Alliance responds to IFS annual education spending report

Please find a comment below from the Early Years Alliance following the publication of the Institute for Fiscal Studies' which has highlighted that despite early years funding increases in recent years, providers continue to be impacted by significant cost pressures, including the upcoming changes to employer National Insurance contributions. 

“The IFS is absolutely right to highlight that, despite increases in early years funding in recent years, ongoing and upcoming cost pressures – including changes to employer National Insurance contributions – are likely to increase the financial strain on early years providers. We’re clear that this, alongside the continued underfunding of three- and four-year-old places, will result in countless settings across the country struggling to meet demand this year and beyond.  

“What’s more, while national figures may suggest that there are enough places to meet parental demand under the entitlement expansion, as the report makes clear, the local picture is very different, with many regions reporting a mismatch between supply and demand and warning that the upcoming expansion of school-based provision is unlikely to go far enough to meet the local need for places.  

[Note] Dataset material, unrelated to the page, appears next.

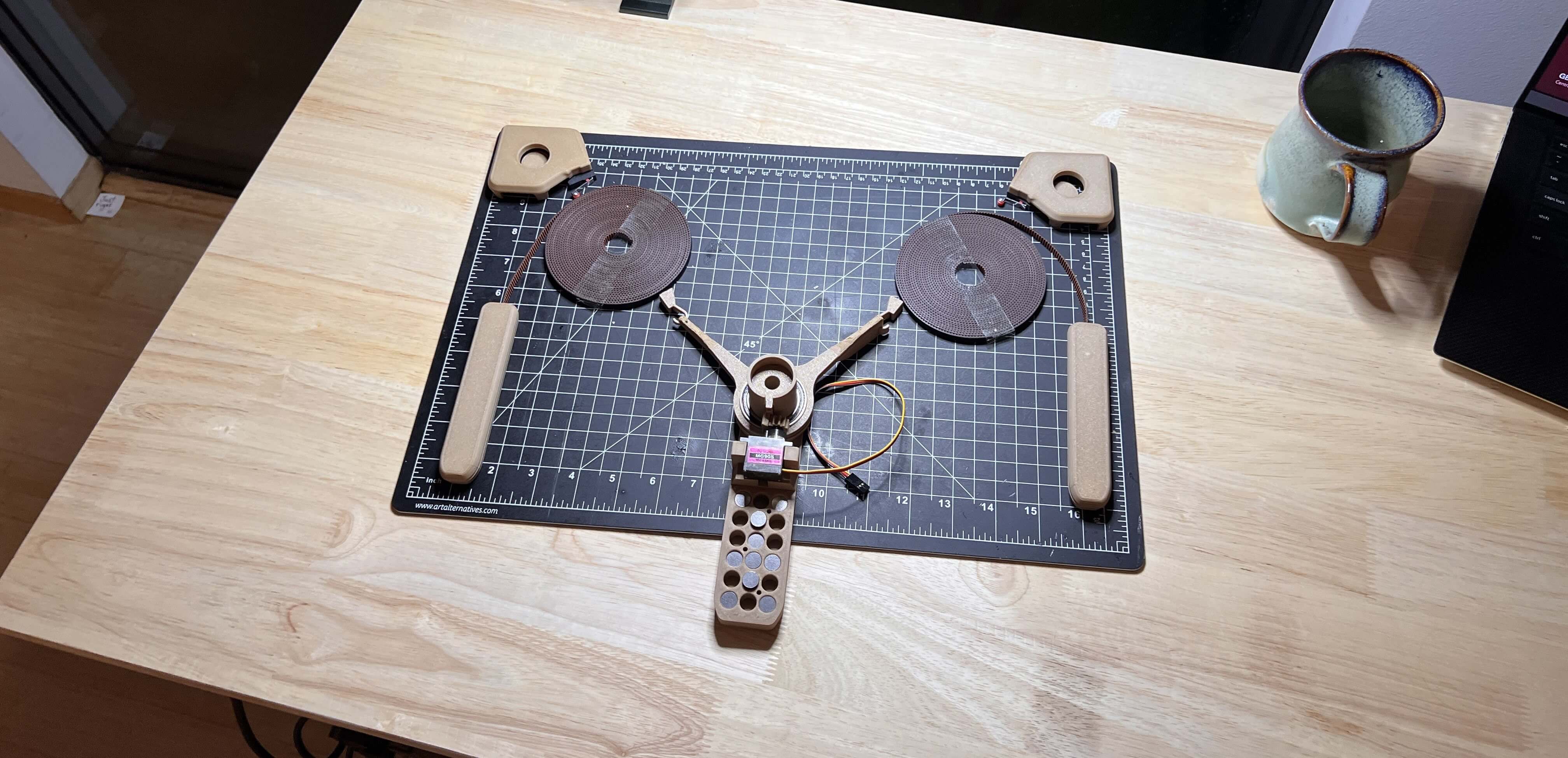 The machine will be built within a large wooden frame, which mounts flush to the wall via a French cleat system. All electronics and motors will sit behind this frame, between the back of the workplane and the wall, so as to remain hidden out of sight. Both stepper motor axles will protrude through the workplane and will be covered by pieces that also hold endstop switches to enable homing. Counterweights, as well as the center gondola, will be weighted with titanium round-stock, for high density within little area. The gondola itself will be attached to the belts via swivel arms on thin 6806-2RS bearings, to allow for a smooth, constantly upright motion. The gondola is to remain flush against the workplane at all times, so a small servo within it will actuate a pen up and down into/away from the paper. These pens should be easy enough to hotswap, because we want some different colors, of course.

“Let’s be clear: while there’s no doubt that that recent increases in early years funding are a positive step, they are far from enough to offset years of underfunding and continued significant cost pressures. 

“Ultimately, if 2025 is truly going to be a year in which the early years is prioritised, government must put in place meaningful action to address the continued financial pressures on providers as soon as possible. Without this, it simply won’t be possible for settings to keep the promise government has made to families.”